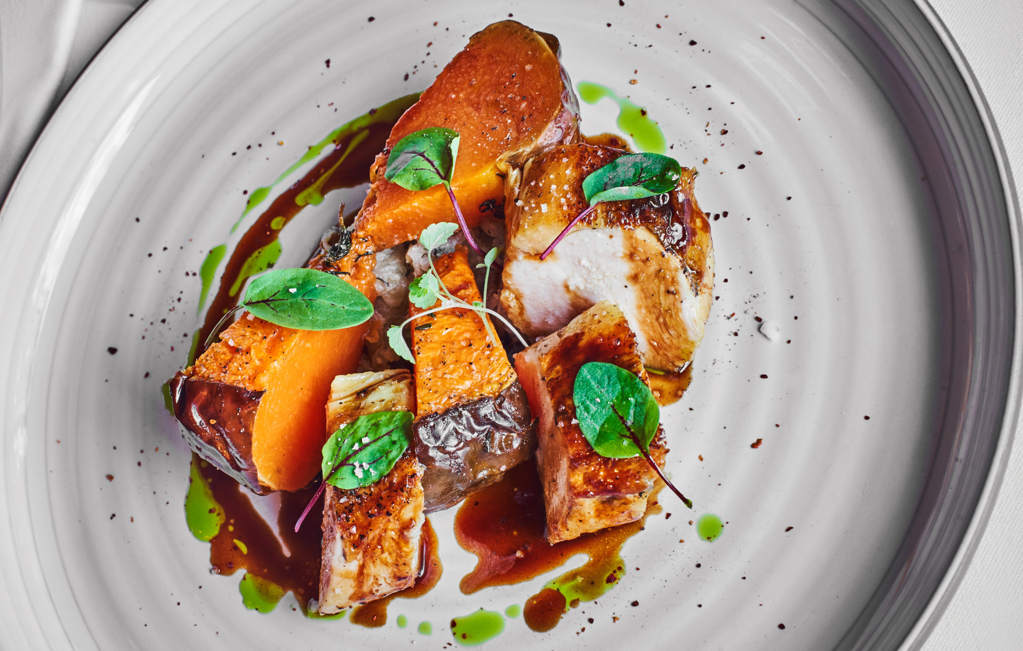 Volaille jaune contisée à la truffe noire, confit d’oignons et potiron, jus de volaille truffée
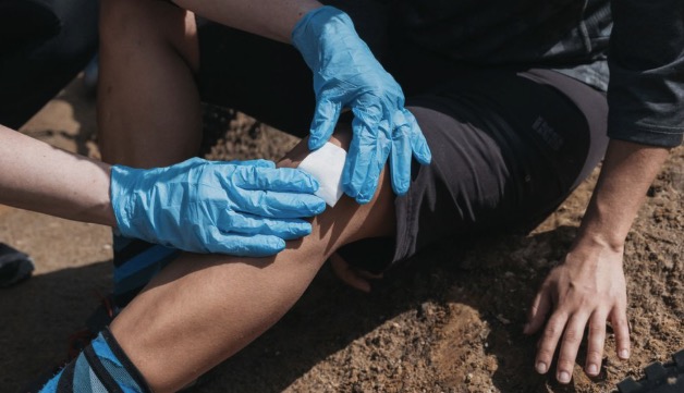 For small cuts on the finger, use a band-aid, but don't wrap it too tightly. For blisters on the heel, don't pop them; apply a hydrocolloid dressing directly. For a large red scrape on the knee, rinse with saline solution, cover with a foam dressing, and then wrap two layers of elastic bandage. For deeper cuts from rocks, apply pressure to stop the bleeding, disinfect with iodine, cover with sterile gauze, and secure with an elastic bandage. Seek medical attention at your destination.
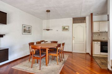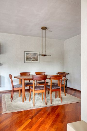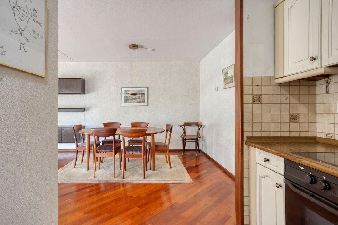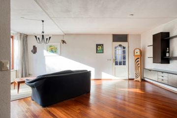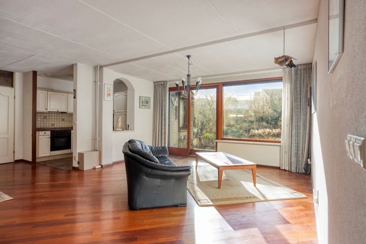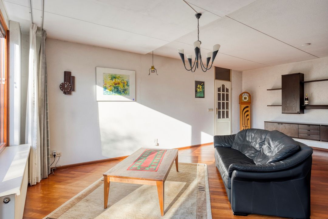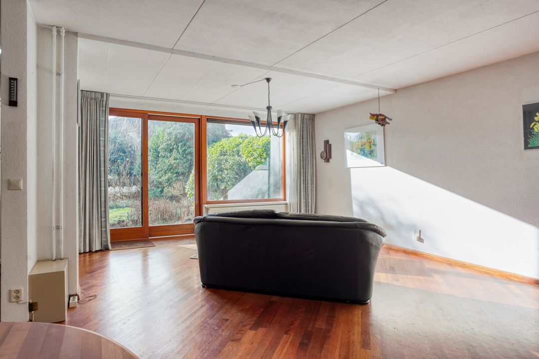 * Lichte l-vorminge woonkamer (ca. 35 m²) met parketvloer en schuifpui naar de achtertuin.
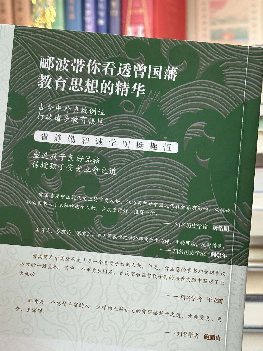 郦波老师集多载之思,在这本书中对曾国藩的教育智慧进行了深入的剖析,从教育孩子到教育自己,从目标建立到内驱力赋能、从习惯养成到趣味生活,面面俱到,堪称育儿智慧的宝典。
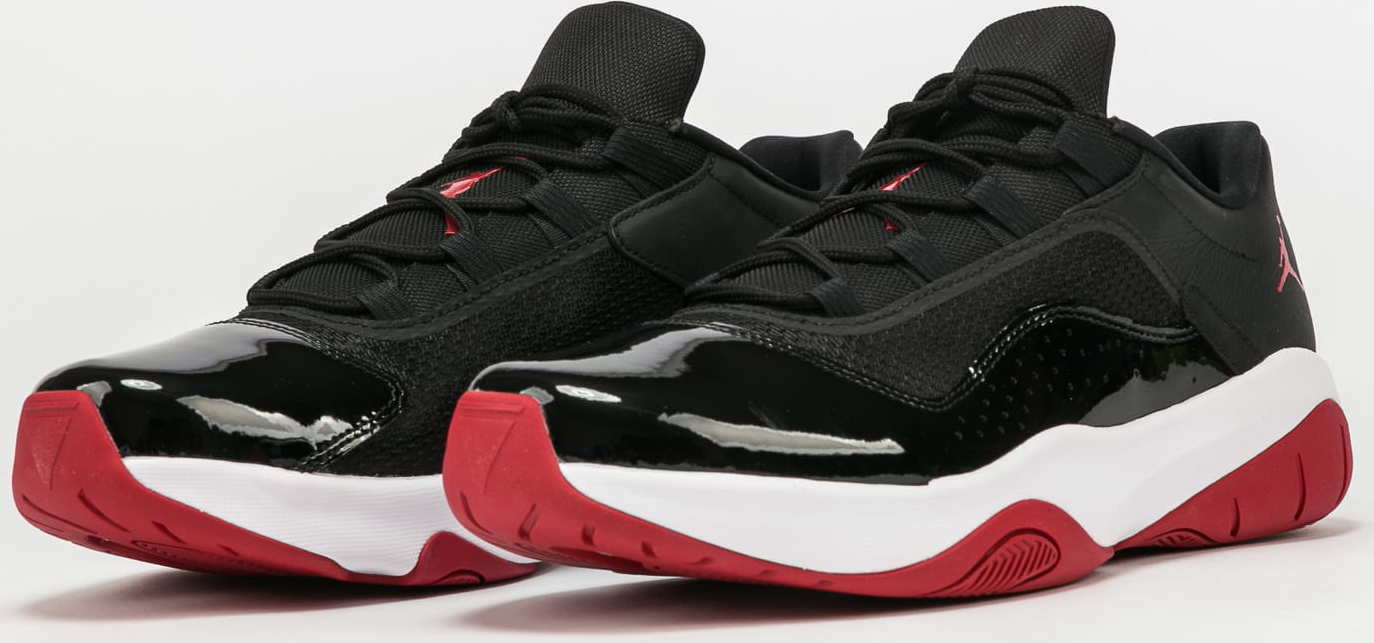 Nízké tenisky od značky Air Jordan s pojmenováním 11 CMFT Low v černém provedení s bíločervenou podrážkou.
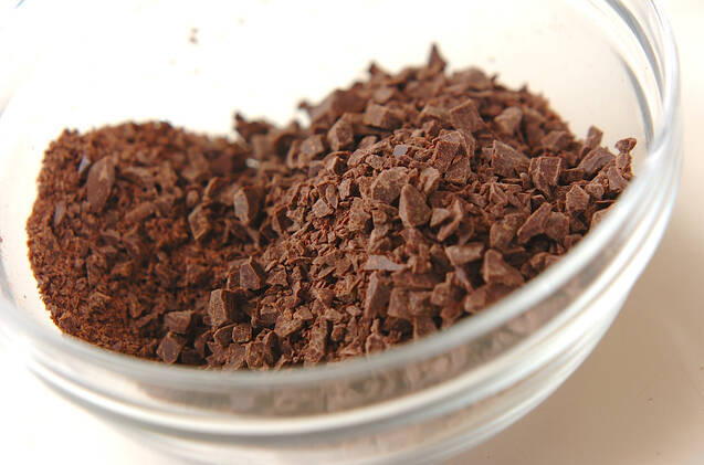 <ガナッシュ>を作る。細かく刻んだチョコレートをボウルに入れる。
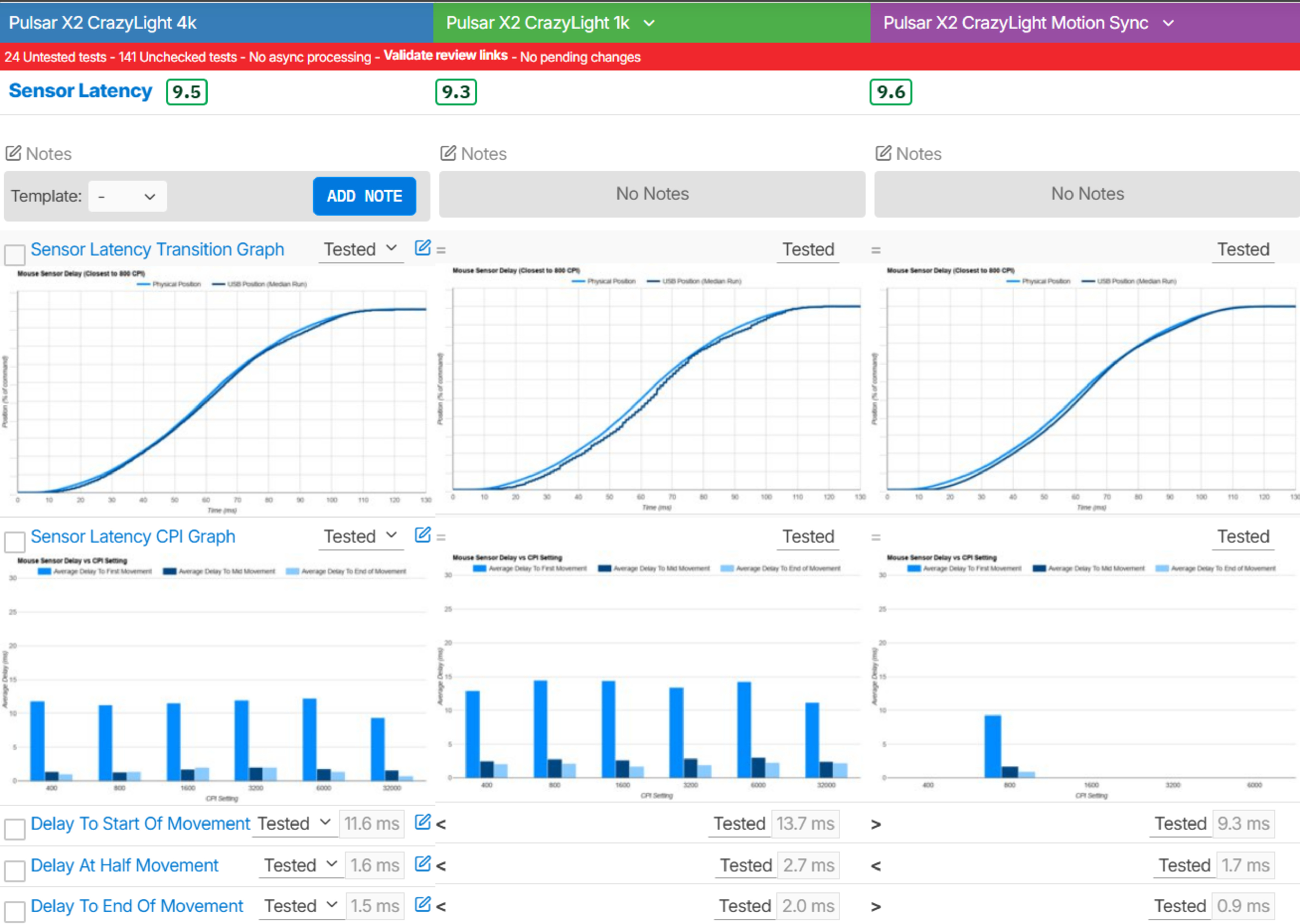 We conducted this test with the lowest debounce setting of 0 ms, the maximum wired polling rate of 1000Hz, and the maximum wireless polling rate of 8000Hz. However, we've confirmed that setting different polling rate settings has no effect on click latency, only sensor latency, and this is becoming increasingly common on modern gaming mice.

============================================================

• **What is being asked**
Copy out the entries verbatim and leave the images out.

• **Worked solution**
 Volaille jaune contisée à la truffe noire, confit d’oignons et potiron, jus de volaille truffée
 For small cuts on the finger, use a band-aid, but don't wrap it too tightly. For blisters on the heel, don't pop them; apply a hydrocolloid dressing directly. For a large red scrape on the knee, rinse with saline solution, cover with a foam dressing, and then wrap two layers of elastic bandage. For deeper cuts from rocks, apply pressure to stop the bleeding, disinfect with iodine, cover with sterile gauze, and secure with an elastic bandage. Seek medical attention at your destination.
 * Lichte l-vorminge woonkamer (ca. 35 m²) met parketvloer en schuifpui naar de achtertuin.
 郦波老师集多载之思,在这本书中对曾国藩的教育智慧进行了深入的剖析,从教育孩子到教育自己,从目标建立到内驱力赋能、从习惯养成到趣味生活,面面俱到,堪称育儿智慧的宝典。
 Nízké tenisky od značky Air Jordan s pojmenováním 11 CMFT Low v černém provedení s bíločervenou podrážkou.
 <ガナッシュ>を作る。細かく刻んだチョコレートをボウルに入れる。
 We conducted this test with the lowest debounce setting of 0 ms, the maximum wired polling rate of 1000Hz, and the maximum wireless polling rate of 8000Hz. However, we've confirmed that setting different polling rate settings has no effect on click latency, only sensor latency, and this is becoming increasingly common on modern gaming mice.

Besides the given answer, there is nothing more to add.